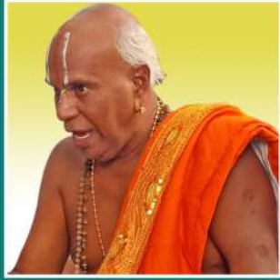
Therazhundhur Shri. U. Ve. K. Sriraman Bhattacharriyar Swamy
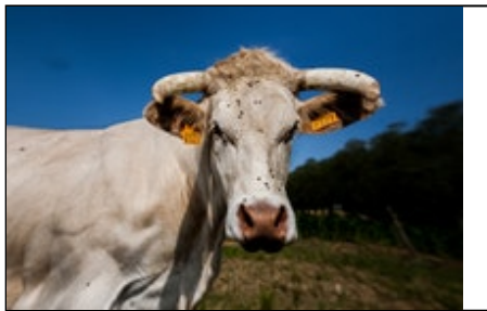
Titre ou numero de la Photo Marguerite

Connectez-vous sur prixhbc.awardsplatform.com pour voir toutes les candidature pièces jointes.

[WHAT YOU HAVE TO DO] Set down each line from the line containing "Titre ou numero de la Photo Marguerite" through the final line of the data, exactly and with nothing added.

[RESPONSE FOR THIS EXERCISE]
Titre ou numero de la Photo Marguerite

Connectez-vous sur prixhbc.awardsplatform.com pour voir toutes les candidature pièces jointes.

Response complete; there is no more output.